The day the well discovered the Spindletop field, it was a Sunday. Lucas was not present at the well having gone into town for supplies. He left a three-man crew to mind the steam engine that drove the drilling rig, which was a rotary tool as opposed to the then more common cable tool. They had surpassed a depth of 1100 feet when the men heard a noise coming from the hole. Using uncommon good sense, one of the men ran to shut down the boiler to the steam engine. That was when the men saw a sight never before witnessed. The drill pipe began to rise back of the hole, rising up several sections before bending over under it's own weight but more sections continued to come out. When all of the drill pipe was expelled from the hole there was a tremendous gush of clear fluid (water) which turned green to brown then black, jet black. They had struck oil and it was gushing 150 feet into the air at a rate of 100,000 bbl/day. The modern oil age had begun.

OUMallen
1/11/2011, 10:48 AM
finally they developed rules (about which i know next to nothing) wells
had to be spaced so far (don't know how far) apart.


Depends on whether it's classified as an oil or gas well, and depends on the depth of the formation from which such well is producing. Feel free to peem me with any questions if you'd like.

texaspokieokie
1/11/2011, 11:01 AM
Depends on whether it's classified as an oil or gas well, and depends on the depth of the formation from which such well is producing. Feel free to peem me with any questions if you'd like.

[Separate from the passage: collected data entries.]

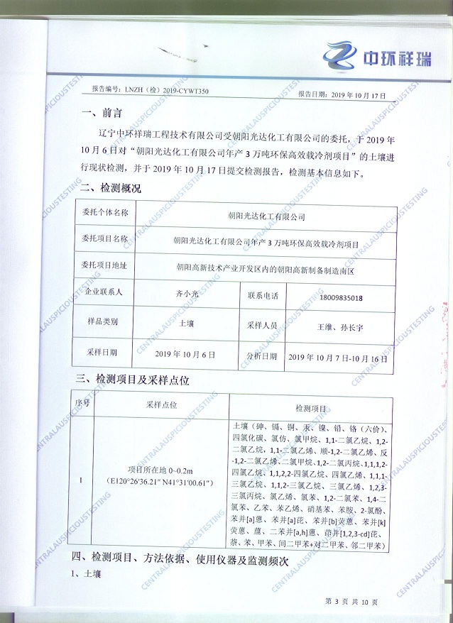 朝陽(yáng)光達(dá)化工有限公司土壤檢測(cè)報(bào)告公示
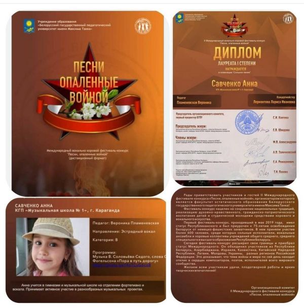 С 7 по 9 мая в Минске прошел Международный вокально- хоровой фестиваль - конкурс "Песни, опаленные войной", в котором приняла участие ученица 4 "В" класса - Савченко Анна.
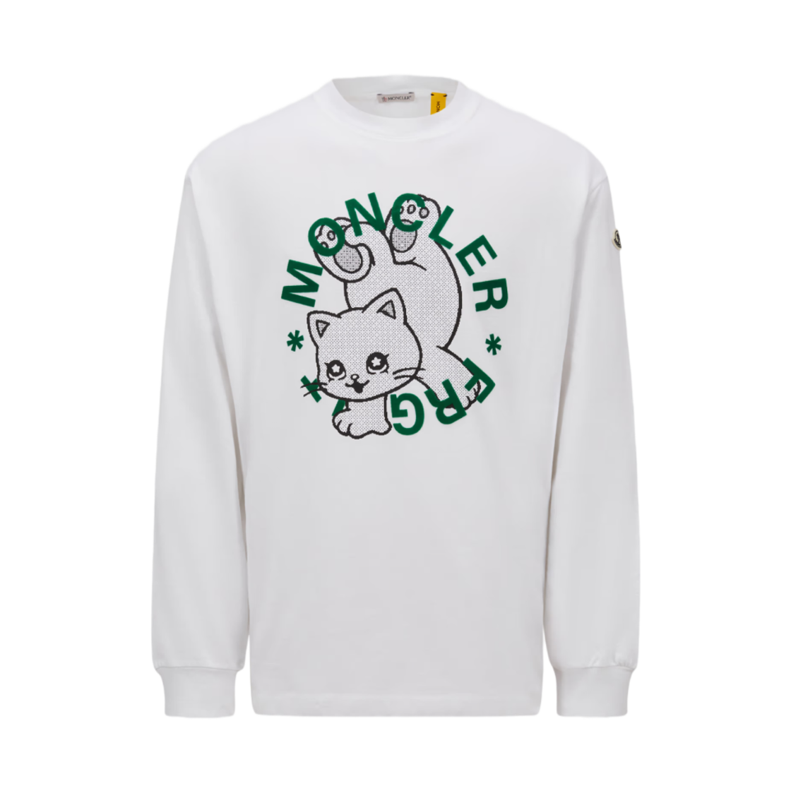 몽클레르 x 프라그먼트 카툰 로고 롱슬리브 티셔츠 화이트 - 25SS
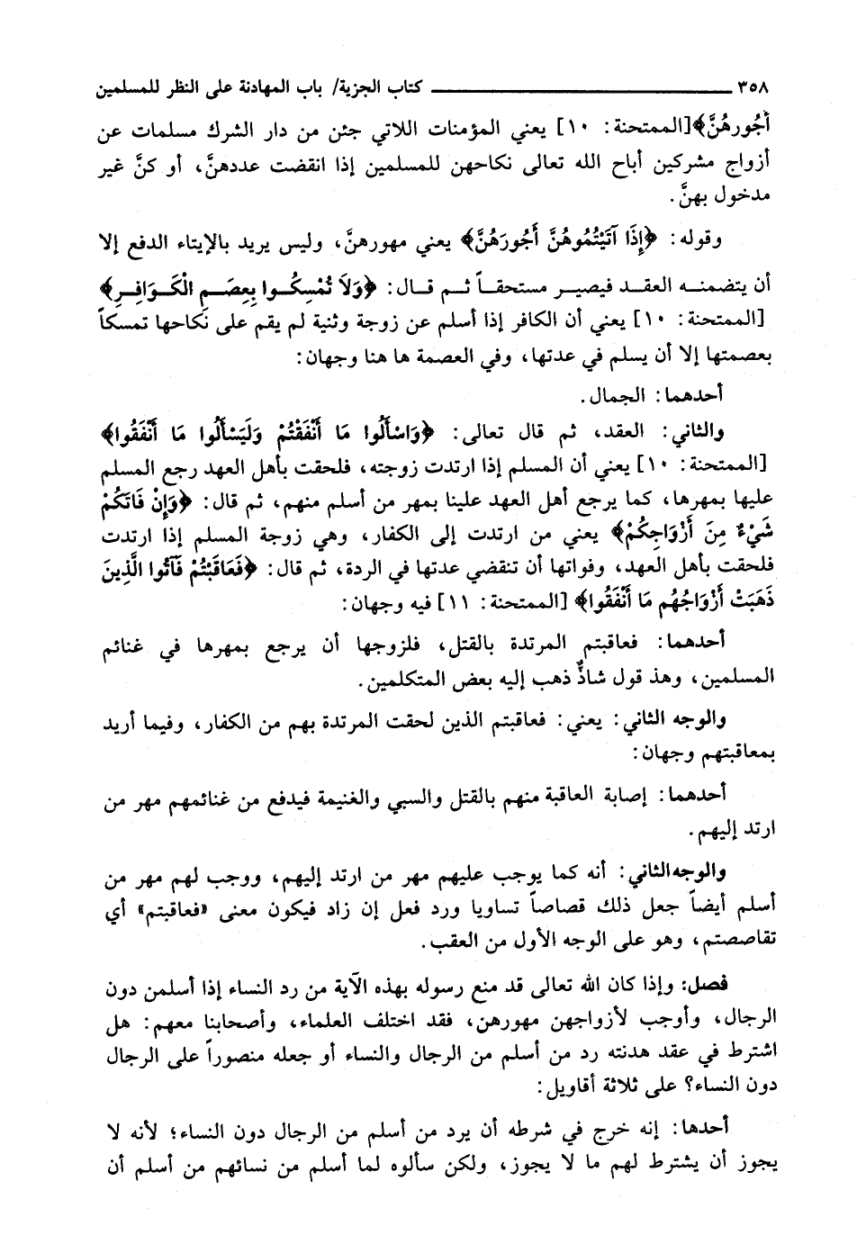 : وَإِذَا كَانَ اللَّهُ تَعَالَى قَدْ مَنَعَ رَسُولَهُ بِهَذِهِ الْآيَةِ مِنْ رَدِّ النِّسَاءِ إِذَا أَسْلَمْنَ دُونَ الرِّجَالِ، وَأَوْجَبَ لِأَزْوَاجِهِنَّ مُهُورَهُنَّ، فَقَدِ اخْتَلَفَ الْعُلَمَاءُ، وَأَصْحَابُنَا مَعَهُمْ: هَلِ اشْتَرَطَ فِي عَقْدِ هُدْنَتِهِ رَدَّ مَنْ أَسْلَمَ مِنَ الرجال والنساء أو جعله منصورا عَلَى الرِّجَالِ دُونَ النِّسَاءِ؟ عَلَى ثَلَاثَةِ أَقَاوِيلَ:

Thanx for offer !! i guess i don't have any questions.

my wife recently got a nice check for leasing her 20 acres in OK.
got more than twice what she paid for the land

they haven't done any drilling as of now.

may have mentioned it above. my Dad was a cable tool driller, all my life until retirement in 1961.

OK,KS & even some in AR.

OUMallen
1/11/2011, 11:07 AM
That's awesome. Try to get some of that cash from her. :)

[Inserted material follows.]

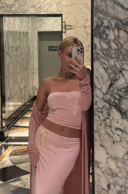Крім того, блогерка постала у костюмі пудрового кольору, який складався з топу та міді-спідниці. Свій образ вона доповнила кофтинкою.
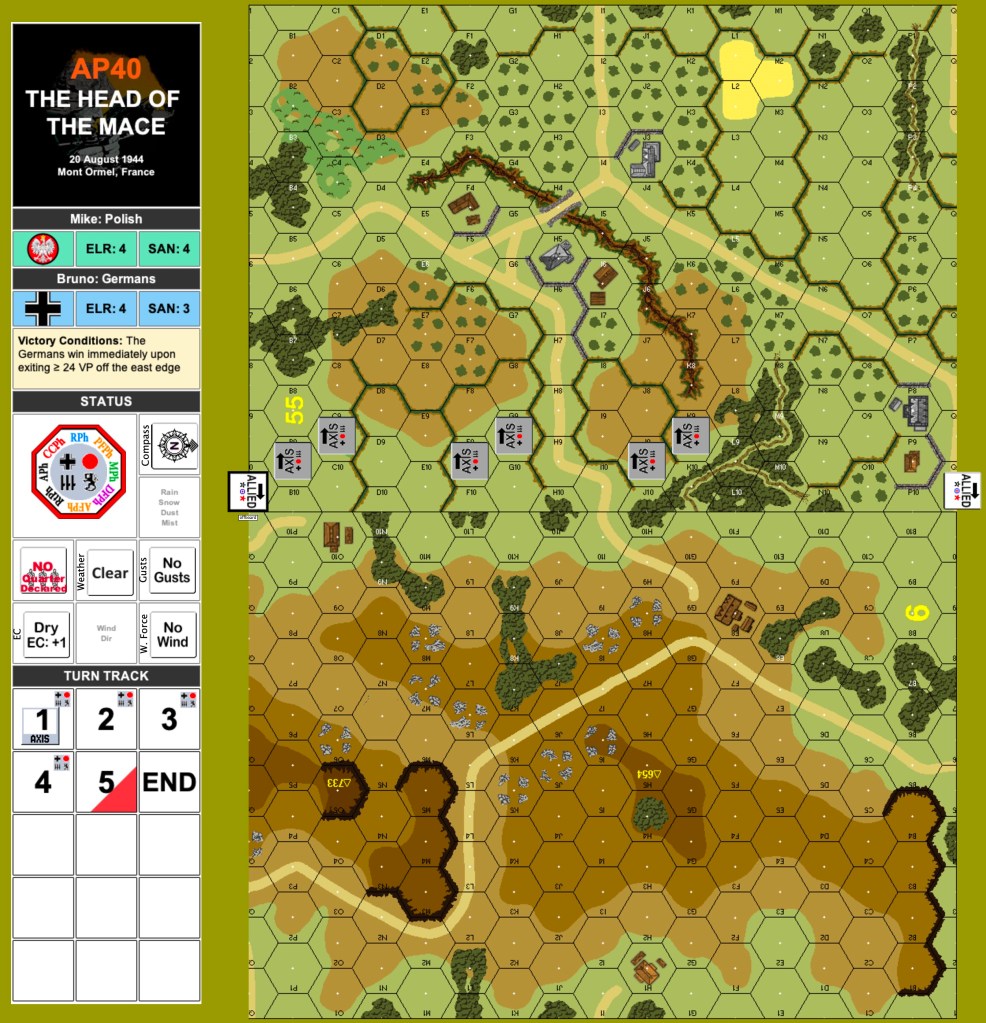 I had this scenario on my play list because of the history behind the scenario. As the Battle of Normandy wound down in the middle of August 1944, a lot of Germans were becoming trapped in what became known as the Falaise pocket, so named for a town near where the two Allied pincers where trying to meet. The Canadians and Polish were in the northern pincer; Americans were in the southern pincer. The late Ian Daglish designed this scenario that features Polish infantry and armour versus a hodgepodge of German infantry and armour. The “Mace” refers to the twin peaks of Mount Ormel.

I will throw this out there: your typical natural gas formation in Oklahoma is spaced on 640 acres. (One section/one square mile) The idea is that one well can drain substantially all of its unit. However, modern drilling and modern plays precipitate that several horizontal wells might be drilled in one section to effectively drain a "tight" formation (one with low permeability/porosity, which means smaller drainage area/well). I've seen as many as 7 horizontal wells in one section in one formation. (Which to me seems like a lot, but I'm not an engineer.)

There's also another rule that's important, ie- at a deep enough depth, wellbores producing from the same formation must be 600 feet from each other or you have to ask special permission from the state. A 640-acre unit is 5280 feet across. And they don't drill the wells right on the boundary line. So 600 feet apart can cause problems if you're heavily developing the unit.

texaspokieokie
1/11/2011, 11:22 AM
again, thanx for info !!
some of this i've been exposed to, but twas about 50 yrs ago.